Data below: Begin

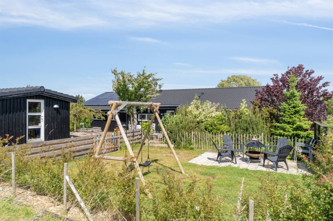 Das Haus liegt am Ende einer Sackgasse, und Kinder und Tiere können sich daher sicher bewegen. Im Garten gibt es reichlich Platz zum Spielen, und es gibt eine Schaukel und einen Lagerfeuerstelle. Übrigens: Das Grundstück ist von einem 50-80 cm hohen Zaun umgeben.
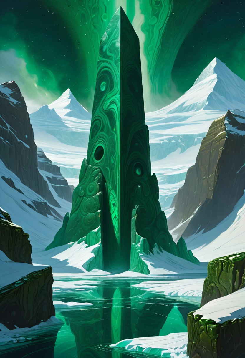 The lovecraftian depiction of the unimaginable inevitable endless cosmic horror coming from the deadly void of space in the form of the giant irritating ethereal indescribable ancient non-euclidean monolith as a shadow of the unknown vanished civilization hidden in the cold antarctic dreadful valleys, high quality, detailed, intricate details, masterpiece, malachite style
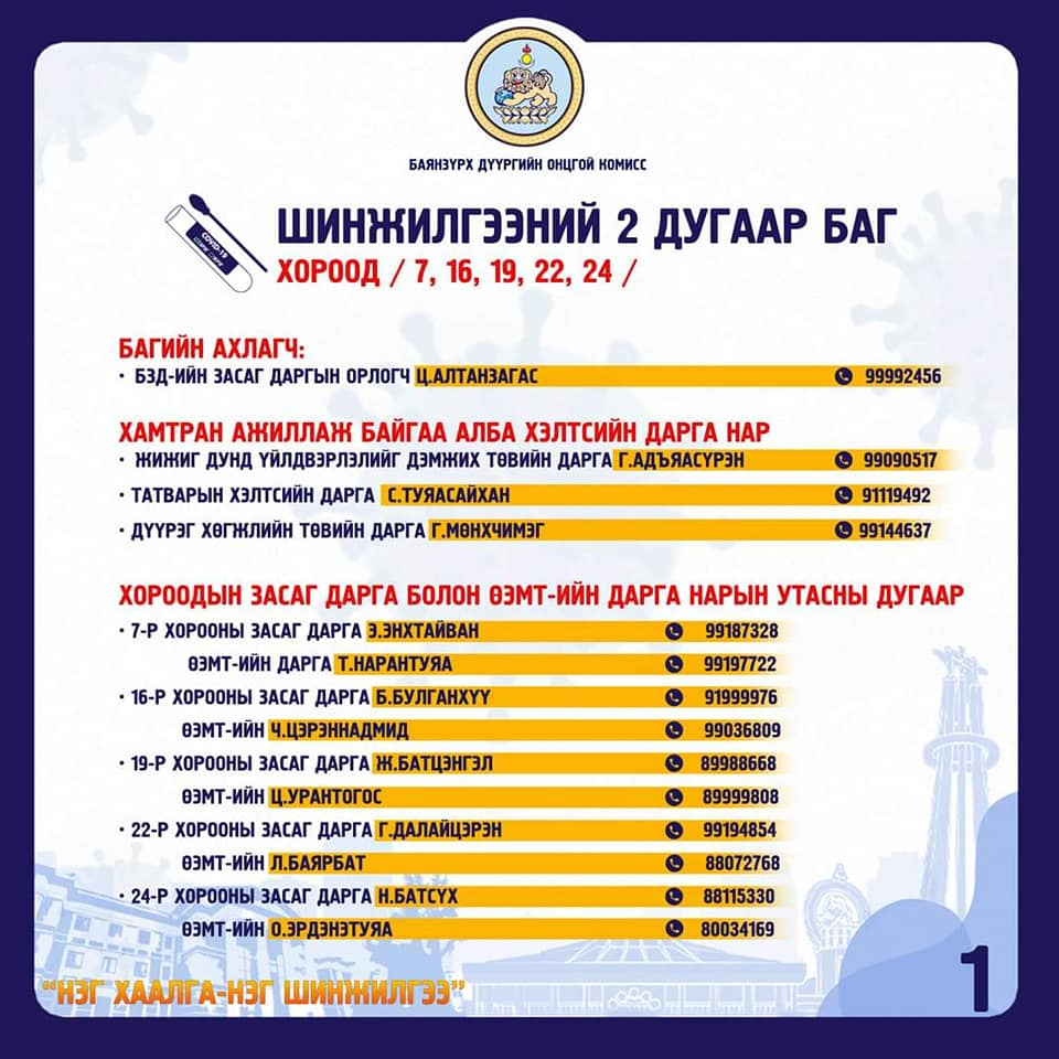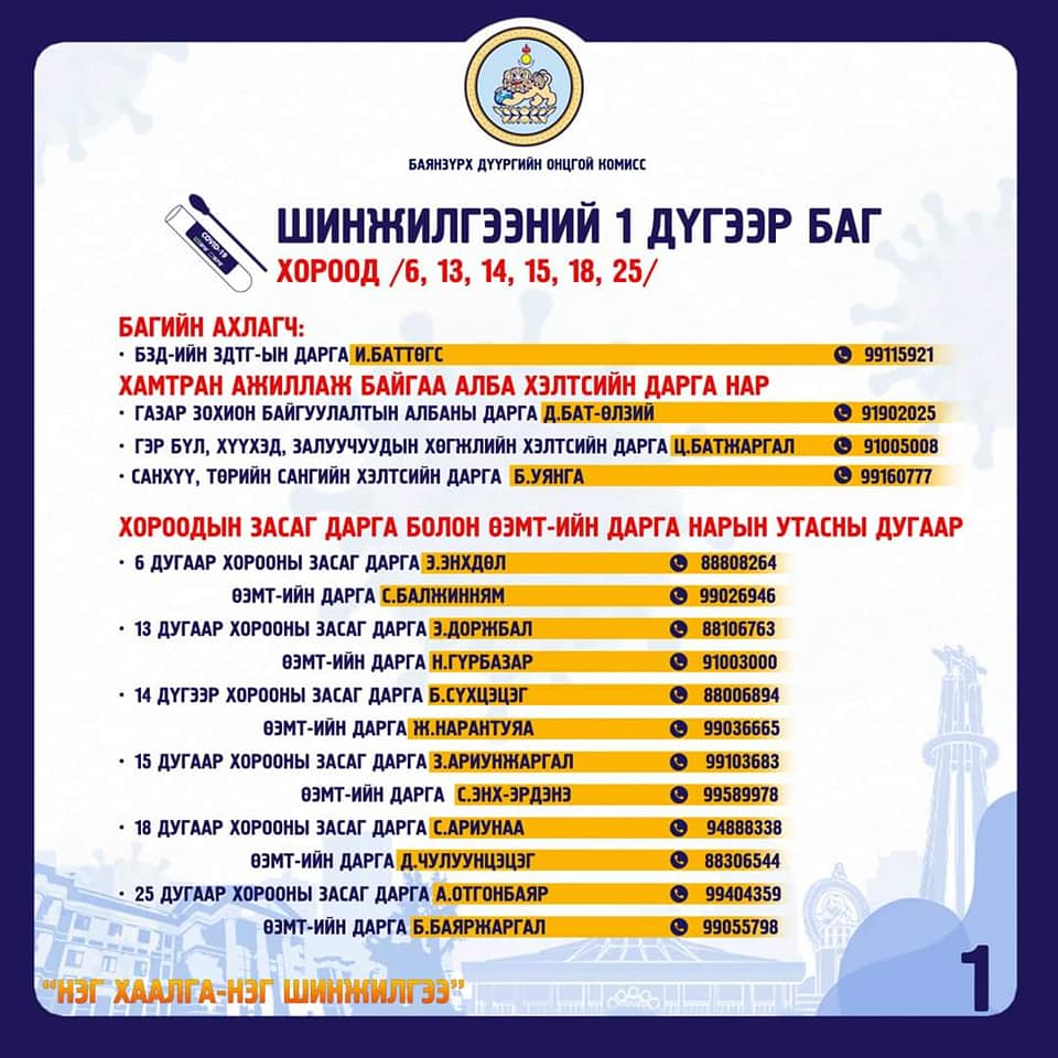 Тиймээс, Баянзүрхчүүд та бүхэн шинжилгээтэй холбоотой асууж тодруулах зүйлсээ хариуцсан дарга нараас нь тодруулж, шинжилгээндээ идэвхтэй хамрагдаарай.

Data below: End

## Exercise description
Would you return all of the data above word for word, omitting every picture?

## Output
 Das Haus liegt am Ende einer Sackgasse, und Kinder und Tiere können sich daher sicher bewegen. Im Garten gibt es reichlich Platz zum Spielen, und es gibt eine Schaukel und einen Lagerfeuerstelle. Übrigens: Das Grundstück ist von einem 50-80 cm hohen Zaun umgeben.
 The lovecraftian depiction of the unimaginable inevitable endless cosmic horror coming from the deadly void of space in the form of the giant irritating ethereal indescribable ancient non-euclidean monolith as a shadow of the unknown vanished civilization hidden in the cold antarctic dreadful valleys, high quality, detailed, intricate details, masterpiece, malachite style
 Тиймээс, Баянзүрхчүүд та бүхэн шинжилгээтэй холбоотой асууж тодруулах зүйлсээ хариуцсан дарга нараас нь тодруулж, шинжилгээндээ идэвхтэй хамрагдаарай.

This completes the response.